* [REQUIRED WORK]:
Write out the lines below once more, exactly as they appear. Do not include pictures.

DATA LISTING Block Start

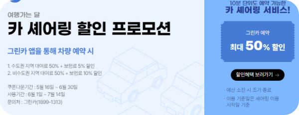 - 그린카 앱을 통해 차량을 예약할 시 최대 50% 할인
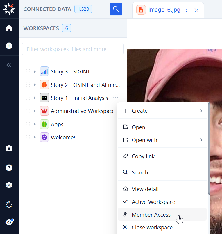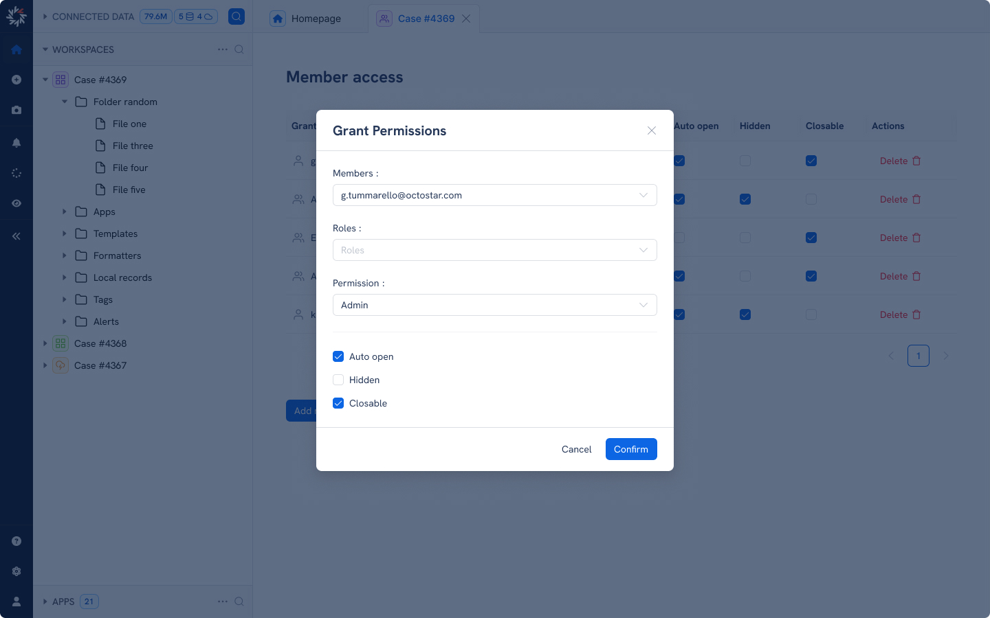 Octostar allows one to share workspace swith other users or roles in read / write / admin mode - not unlike other popular file collaboration solutions. These settings can be changed in the "member access" section of the contextual menu of workspaces
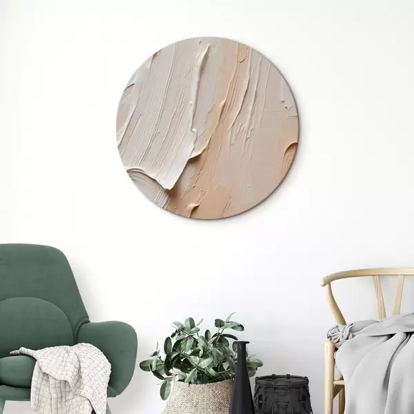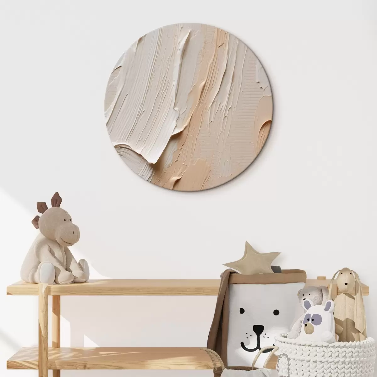 Tableaux ronds Coups de pinceau texturés aux tons pastel crème-beige r45871
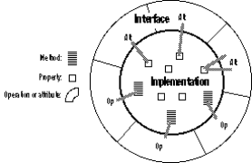 Figure 2-4 : The components of an object are divided into its interface (the outer ring) and its implementation (the inner circle).
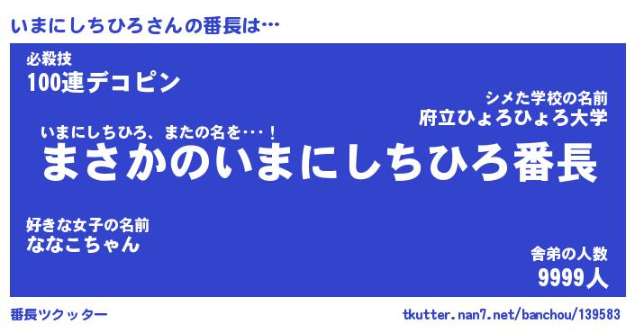 | ポケモン風あだ名 | 『イマチュウ』『イマニダネ』 |
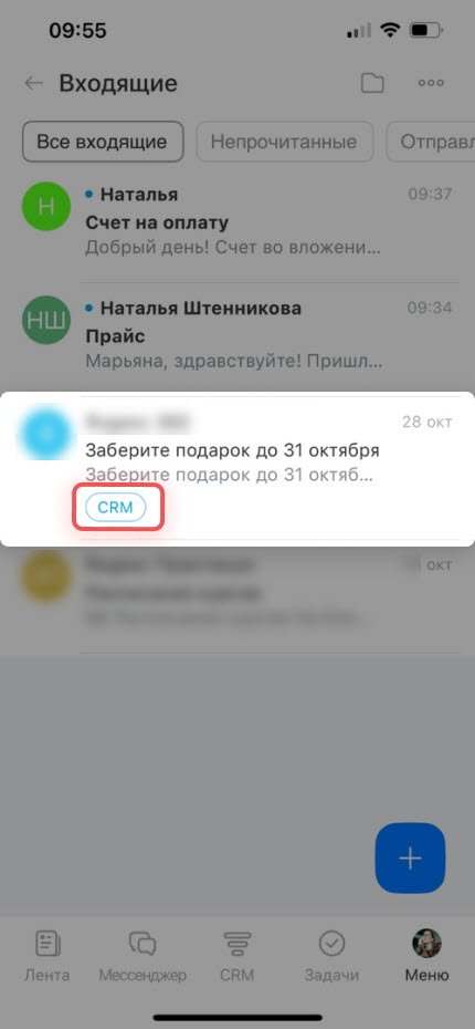 Нажмите и удерживайте нужное письмо, выберите действие — например, добавить в CRM. Рядом с таким письмом появится надпись CRM, и вы сможете быстро перейти в связанную карточку.
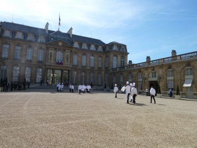 Dès 14h30, les chefs revêtirent leurs tenues de cuisine pour aller rejoindre à pied le Palais de l’Élysée, situé tout proche, où devait se dérouler la photo réunissant tous les chefs, sur le perron de la si célèbre résidence du chef d’Etat français, symbole du pouvoir.
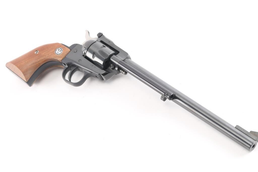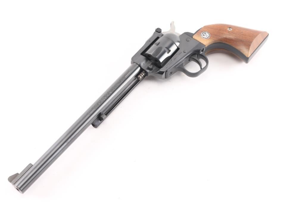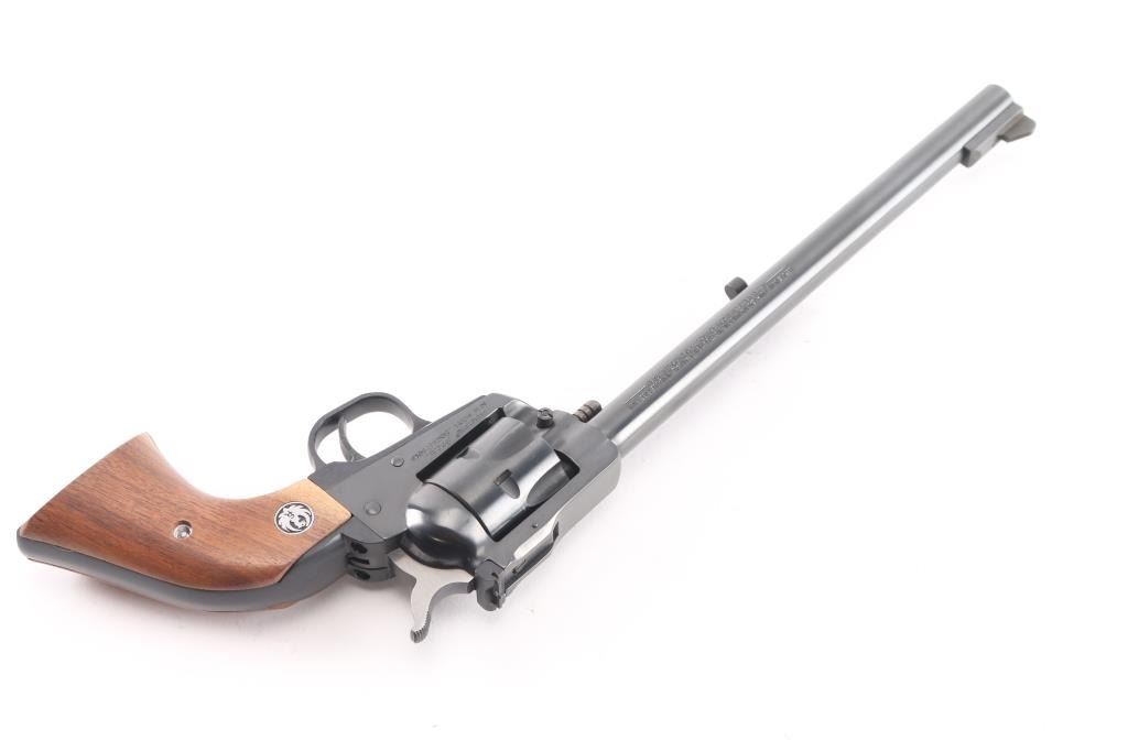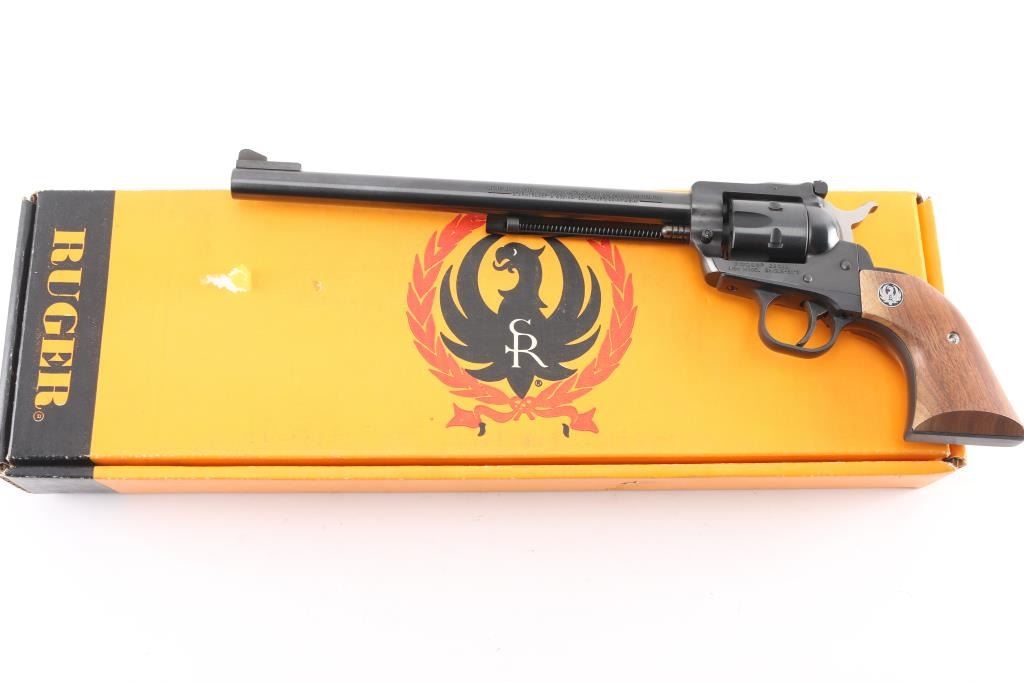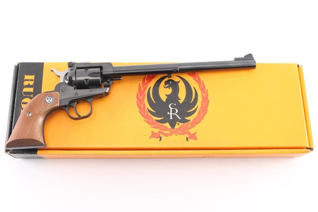 SN: 69-45343. Manufactured 1982. American made small frame western style single action revolver with both a .22 Long Rifle cylinder & a .22 Magnum cylinder. Features a blued finish, 9 1/2" barrel, black Partridge front sight & fully-adjustable rear sight , smooth trigger, serrated hammer spur, transfer bar safety, un-fluted six-shot .22 LR cylinder with recessed chambers, ejector rod with flat faced button and smooth brown laminated wood grips with silver & black Ruger medallions. Bore and charge holes are excellent. Revolver is in like new condition, Appears unfired. Includes the original factory yellow box with owners manual,u-fluted fluted .22 Win. Mag. cylinder, and a 4/34" barrel. All in like new condition.

DATA LISTING Block End

* [TASK OUTPUT]:
 - 그린카 앱을 통해 차량을 예약할 시 최대 50% 할인
 Octostar allows one to share workspace swith other users or roles in read / write / admin mode - not unlike other popular file collaboration solutions. These settings can be changed in the "member access" section of the contextual menu of workspaces
 Tableaux ronds Coups de pinceau texturés aux tons pastel crème-beige r45871
 Figure 2-4 : The components of an object are divided into its interface (the outer ring) and its implementation (the inner circle).
 | ポケモン風あだ名 | 『イマチュウ』『イマニダネ』 |
 Нажмите и удерживайте нужное письмо, выберите действие — например, добавить в CRM. Рядом с таким письмом появится надпись CRM, и вы сможете быстро перейти в связанную карточку.
 Dès 14h30, les chefs revêtirent leurs tenues de cuisine pour aller rejoindre à pied le Palais de l’Élysée, situé tout proche, où devait se dérouler la photo réunissant tous les chefs, sur le perron de la si célèbre résidence du chef d’Etat français, symbole du pouvoir.
 SN: 69-45343. Manufactured 1982. American made small frame western style single action revolver with both a .22 Long Rifle cylinder & a .22 Magnum cylinder. Features a blued finish, 9 1/2" barrel, black Partridge front sight & fully-adjustable rear sight , smooth trigger, serrated hammer spur, transfer bar safety, un-fluted six-shot .22 LR cylinder with recessed chambers, ejector rod with flat faced button and smooth brown laminated wood grips with silver & black Ruger medallions. Bore and charge holes are excellent. Revolver is in like new condition, Appears unfired. Includes the original factory yellow box with owners manual,u-fluted fluted .22 Win. Mag. cylinder, and a 4/34" barrel. All in like new condition.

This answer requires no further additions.